Gescheitert und doch gewonnen

Bis zum Kilometer 32 war der Marathonlauf in Bremen der bisher beste Lauf meines Lebens. Knapp 10 Minuten Vorsprung auf meine Ziel-Zeit hatte ich herausgelaufen. 
Ich hätte die letzten 10 km sogar jeweils entspannt eine Minute langsamer laufen um rechtzeitig ins Ziel zu kommen. Da ist es passiert.

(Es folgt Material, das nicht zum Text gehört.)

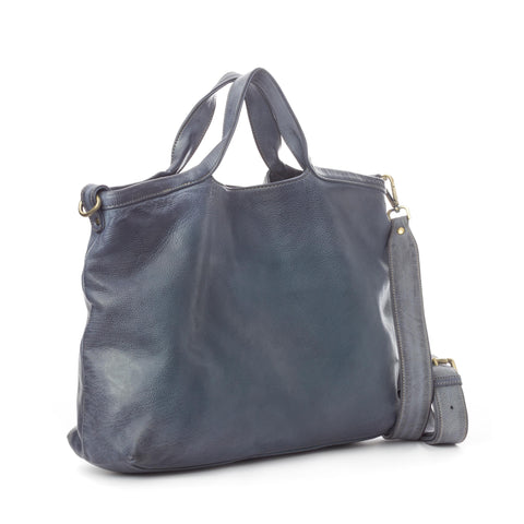 Women's vintage handbag made of soft calf washed leather, artistically dyed using a unique three-dimensional colouring process, Made in Italy. Clip closure, inside pockets and zip pocket, with adjustable shoulder strap. Size: 43l x 11d x 30h

Ein stechender Schmerz schoss in die rechte Wade, ich musste sofort stehen bleiben. Eine Muskelverletzung schmerzte, ich versuchte das Bein zu dehnen. Es wurde aber nicht besser. 
Humpelnd setze ich meinen Weg fort. Bei Kilometer 35 war ich fast nur noch auf einem Bein unterwegs und kam gerade fast an meinem Wagen vorbei, den ich unweit der Strecke geparkt hatte. 
Entnervt riss ich mir die Startnummer von der Brust, entsorgte sie im nächsten Mülleimer und hinkte fluchend zum Auto. 
83% der Wegstrecke hatte ich geschafft, der Tempomacher für meine Zielzeit war noch lange nicht in Sicht, so viel Vorsprung hatte ich eigentlich noch.

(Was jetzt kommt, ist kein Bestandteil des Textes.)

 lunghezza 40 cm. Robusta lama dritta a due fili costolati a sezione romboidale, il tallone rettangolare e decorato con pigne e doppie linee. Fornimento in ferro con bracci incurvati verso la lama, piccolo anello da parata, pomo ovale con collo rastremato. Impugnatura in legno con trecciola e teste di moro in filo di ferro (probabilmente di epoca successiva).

Vor einigen Jahren wäre ich nach einem solchen Scheitern über Wochen unerträglich gewesen. Immer wieder wäre das Kopfkino angegangen, immer wieder hätte ich mich über das Versagen aufgeregt. 
Durch die Selbstentwicklung und -findung der letzten Jahre konnte ich mein Bewusstsein auf die positiven Faktoren richten:

  • Ich durfte während der Vorbereitung 800 km in der freien Natur genießen
  • 800.000 Schritte haben meinen Laufstil und damit meine Haltung verbessert
  • 8 kg habe ich während des Trainings abgenommen
  • 80 Stunden Vorbereitung waren eine Zeit, in der ich mich intensiv mit mir beschäftigen konnte. Von der Atmung bis zur ungestörten Lösung von Problemen
  • Ich durfte 32 km des Laufes genießen und hatte dabei tolle Empfindungen und inspirierende Gespräche mit anderen Läufern
  • Auch das Nichterreichen des Ziels hat mir gezeigt, dass trotzdem am nächsten Tag ein neues leeres Blatt im Buch meines Lebens gefüllt werden möchte.
  • Eigentlich wollte ich meine kurze "Marathon-Karriere" nach dem Lauf beenden. Da ich meine Zielzeit aber nicht erreicht habe darf ich noch einen neuen Anlauf starten und mich im Training nochmals als Sportler und Mensch verbessern.

Aus diesem Grunde bleiben Euch also weitere Posts über das Laufen nicht erspart. Der Weg ist das Ziel zum Ziel.